A few comments on the Comprehension – Interpretation – Experience thread and Mulholland Drive

I think our discussion about how a lot of the effect of the film is lost if a viewer attempts to decipher the “meaning” of Mulholland Drive as if it were a puzzle film with one solution was right on target. After viewing, I read the dream interpretation of the film and was satisfied enough with that. There are lots of clues that point towards that, and you could interpret the non sequiter scenes as dream-logic depictions of Betty’s internal psychology. But even with subsequent viewings (and this was probably time 5 or 6), I don’t really think about comprehension or interpretation nearly as much as I like to enjoy the visceral experience Lynch affords his viewers. Scenes like the subliminally terrifying diner scene, the coffee/producer scene, or Betty’s audition with the dirtbag actor work on such a gut level that they remind me of the Quatsi-films in terms how they make me feel…I can watch them time and time again (I put on at least one of these three scenes several times a semester on my projector without watching the rest of the film).

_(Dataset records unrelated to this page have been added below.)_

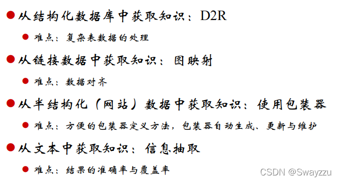 根据知识的来源,有来自于结构化数据,链接数据,半结构化数据,以及文本数据,每一个数据来源,都有对应的关键技术难点,如下图所示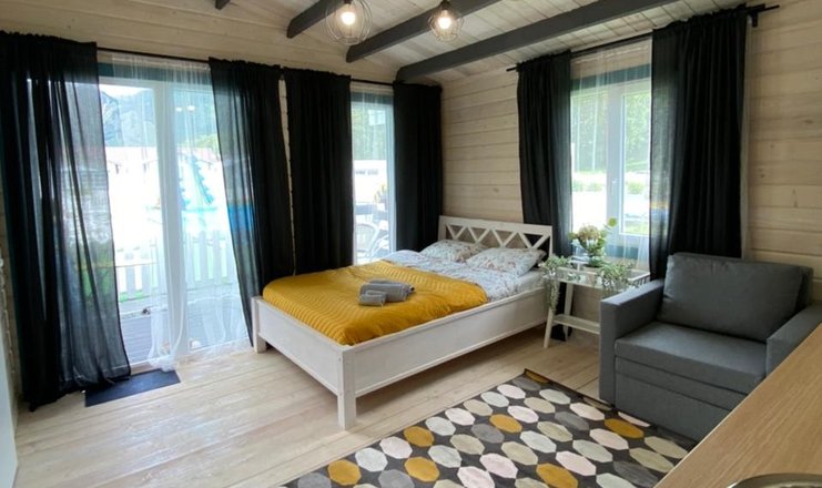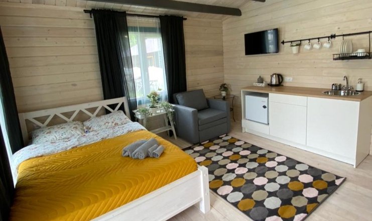 В доме: кресло-кровать, кровать двуспальная: 1 шт., кровать двухъярусная, прикроватный столик, стол, мини-кухня, микроволновая печь, набор посуды, телевизор, холодильник, электрочайник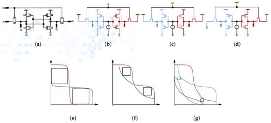 To evaluate the reliability property of 6T SRAM cell under low supply voltages, we first look at its static noise margin (SNM) as a function of supply. The SNM criteria are widely used to characterize the static stability of SRAM cells. The static noise margins for hold (HSNM), read (RSNM), and write (WSNM) can be obtained by overlapping the voltage transfer curves (VTC) of the cross-coupled inverters within a cell, often called the butterfly curve []. The test circuits to measure these SNM metrics are shown in Figure 2b–d, where the cross-coupled feedback loop is intentionally broken to simulate different biasing conditions during hold, read, and write operations. The resulting butterfly curves are conceptually illustrated in Figure 2e–g. The noise margins are extracted from the butterfly curve as the diagonal distance of the biggest square that can fit inside the butterfly curve. We can analyze the shapes of the butterfly curves. For example, during the read operation, and are pre-charged to , which pull the VTC higher and cause it to move slowly to the bit-0 low voltage level as in Figure 2f for read, compared to the curves in Figure 2e for hold. Similarly, during write, one side of the bitlines is driven to ground, the other to . As a result, one of the VTCs corresponding to the ground side switches to low voltage level sharply, as shown in Figure 2g.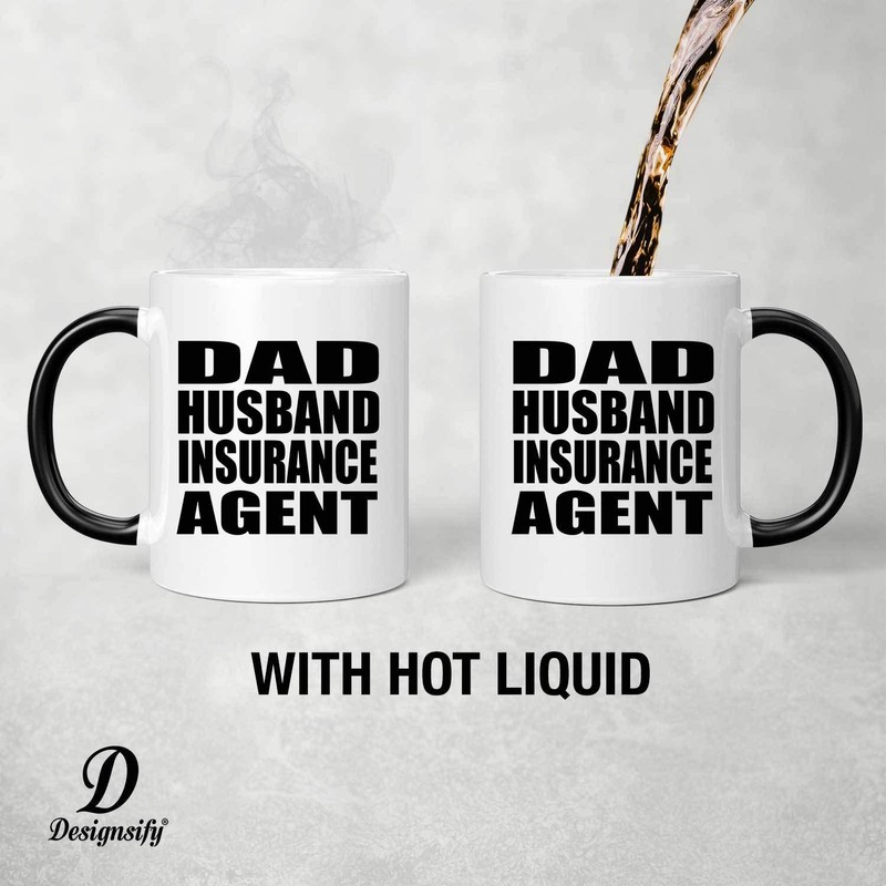 Designsify Gifts, Dad Husband Insurance Agent, 11oz Color Changing Mug Ceramic Heat Sensitive Magic Tea-Cup, for Birthday Anniversary Mom Dad Parents Fathers Mothers Day Party, to Men Women Him Her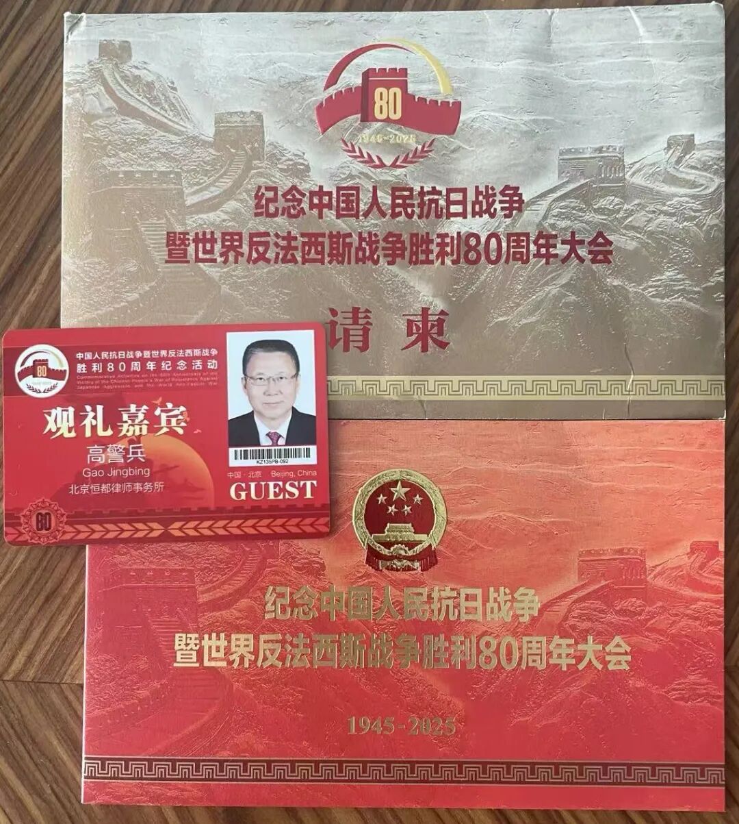 ?2025年9月3日,紀(jì)念中國人民抗日戰(zhàn)爭暨世界反法西斯戰(zhàn)爭勝利80周年大會(huì)在北京天安門廣場隆重舉行,當(dāng)晚《正義必勝》文藝晚會(huì)在人民大會(huì)堂隆重舉辦。恒都律師事務(wù)所管委會(huì)主任高警兵律師受邀現(xiàn)場觀禮九三閱兵及《正義必勝》文藝晚會(huì)。大會(huì)現(xiàn)場,各界代表共同聆聽了習(xí)近平總書記的重要講話,深刻感悟中華民族偉大的抗戰(zhàn)精神;與此同時(shí),恒都各分所也組織集中觀看了現(xiàn)場直播。此次觀禮既是對(duì)歷史的莊嚴(yán)銘記

For Lynch, especially in Mulholland Drive, content takes a back seat to feelings, empathy, and experience. Audiences exhibit nervous laughter and inexplicable emotion, unsure of how to digest a particular scene or performance. The film is successful in that Lynch can make you feel very uncomfortable, happy, terrified, etc. without any backstory. Many of the scenes stand alone.

Mulholland Drive reminds me a lot of Perfect Blue, a really good Satoshi Kon (director of Paprika and Toyko Godfathers) anime and similar puzzle film. Its plot revolves around a Japanese female pop icon who abandons her group and music career to pursue a future in film. However, she can only land a sleazy role in a trashy sitcom and feels violated by her role in the show. Soon, her grip on reality begins to slip as she loses herself in her character and its unclear what scenes happen in the show versus in her real life. Furthermore, a stalker is posting intimate details of her life on a blog, which she then obsesses over and reads – taking everything she reads as fact about her life. The veil between reality and fantasy is utterly confused as her coworkers begin to show up dead, often brutally murdered.

Both these films are definitely a step in the right direction in terms of representing dream worlds with their style and narration. If you were to think of dreams as film, an individual has an unusual role as both narrator and audience. My favorite part of the diner scene is how the action imitates the nervous guy’s dialogue moments earlier – often in dreams, you are explaining events as they happen because your brain already knows where they’re going. Audiences leave these films confused about their feelings, and that’s the desired effect – dreams often don’t have a causal relation between events, there exists non sequiter motivations for “scene changes” or action, and tone is implied on the most base, visceral level.